Scientific assessments link a warmer atmosphere, which can hold more moisture, to heavier rainfall and increased flood risk, while prolonged heat and drought raise the likelihood and intensity of wildfires. Global attribution studies connect the rising probability and severity of extreme events to human‑driven climate change, and Canadian regulators now reference those trends in guidance to financial institutions. Climate‑related threats are increasingly influencing insurability, asset values and long‑term investment decisions.
According to the report, natural catastrophe risk now affects every major sector of the Canadian economy, with both direct and knock‑on impacts. For insurers, climate risk has become a material driver of loss experience, capital requirements and client risk profiles.
Energy and utilities face greater exposure to physical damage and service disruption. Mining and resource companies are exposed to flooding, wildfire‑related evacuations and transportation bottlenecks. Manufacturers can experience plant damage, workforce displacement and supply chain interruptions when transportation networks or utilities fail. Agriculture and agri‑food operations remain highly sensitive to droughts, frosts, floods and heatwaves, with downstream consequences for processors and distributors.

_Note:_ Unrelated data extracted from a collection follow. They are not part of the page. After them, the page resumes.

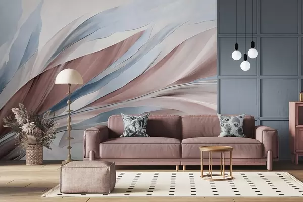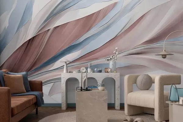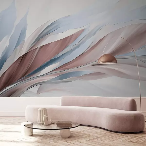 Fototapet Abstrakta flödande vågor i blått och brunt, med tunna former och linjer, mot en vit bakgrund, texturerad konst Nr. w09585v1
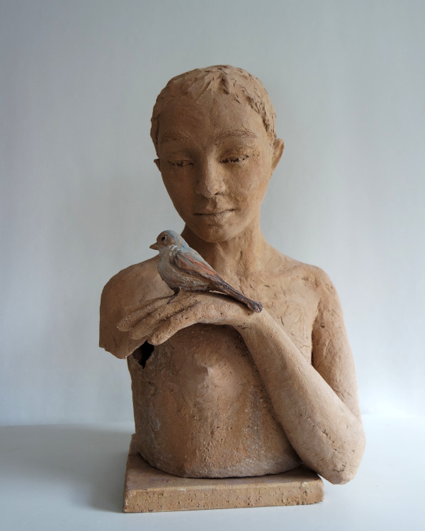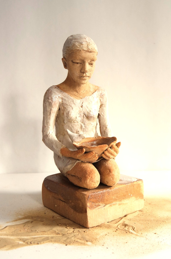 Dans le modelage des formes, je recherche avant tout la fluidité, avec une justesse qui reste suggestive- sans trop dire, sans lisser la terre pour ne pas affadir le geste. Là est toute la subtilité et difficulté du travail.»
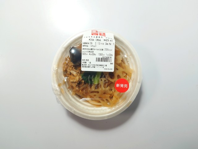 熱量:256kcal、たんぱく質:9.8g、脂質:9.1g、炭水化物:36.5g(糖質:30.9g、食物繊維:5.6g)、食塩相当量:4.9g
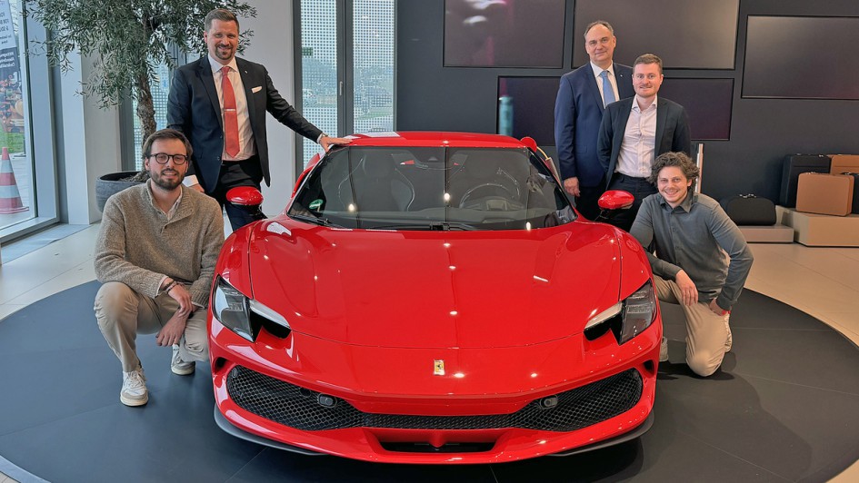 von 10: V.l.n.r.: Emanuel Klotz (Ferrari Central Europe), Ralf Fischer (Emil Frey Sportivo), Thomas Mych (Emil Frey Sportivo), Constantin Faust (Ferrari Central Europe) und Stefan Schmid (AUTOHAUS)

Financial institutions and insurers are also absorbing second‑order impacts, including higher loan defaults in affected regions, declining property values and sustained pressure on underwriting margins.
IBC has reported that most of the costliest insured‑loss years on record in Canada have occurred in the last decade, prompting carriers to re‑examine catastrophe modeling assumptions, reinsurance programs and capital allocation.

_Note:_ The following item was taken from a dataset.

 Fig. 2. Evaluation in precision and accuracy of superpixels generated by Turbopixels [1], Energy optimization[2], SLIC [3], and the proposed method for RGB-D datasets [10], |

Governments at all levels are under pressure to step up climate adaptation spending, while regulators, investors and rating agencies increasingly expect private‑sector organizations to invest in their own resilience and continuity planning, the report said.

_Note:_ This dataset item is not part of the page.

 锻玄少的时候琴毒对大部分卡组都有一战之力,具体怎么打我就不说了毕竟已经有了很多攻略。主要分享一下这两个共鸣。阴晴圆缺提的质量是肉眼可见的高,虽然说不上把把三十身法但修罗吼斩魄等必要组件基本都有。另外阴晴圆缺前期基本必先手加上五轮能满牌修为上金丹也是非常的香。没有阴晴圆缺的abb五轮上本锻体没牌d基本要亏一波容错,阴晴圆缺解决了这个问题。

Climate risk has become an operational, financial and strategic issue that recurs annually rather than a distant scenario. Its impact can be seen in catastrophe loss ratios, reinsurance renewals and the spread of coverage restrictions and non‑renewals in high‑hazard regions.
In response, many Canadian organizations are integrating climate scenarios into enterprise risk management, stress‑testing assets and portfolios and upgrading facilities. Some are reassessing the location of critical infrastructure, the concentration of assets in high‑risk areas and the viability of long‑term investments in regions facing rising wildfire, flood or storm surge exposure.
Companies that invest in resilience are also increasingly viewed by insurers, lenders and investors as lower‑risk counterparties. Under OSFI’s B‑15 guideline, financial institutions are being asked to reflect climate risk in their risk appetites, pricing and client engagement, linking resilience investments more directly to access to capacity and cost of capital, the report said.
More businesses are also incorporating climate scenarios into capital planning and site selection decisions and working with municipalities and utilities on community-level resilience and restoration priorities.
For insurers and brokers, the direction is clear: climate risk is now a balance-sheet issue for both clients and carriers, and the market is beginning to differentiate between organizations based on the credibility and depth of their climate risk management.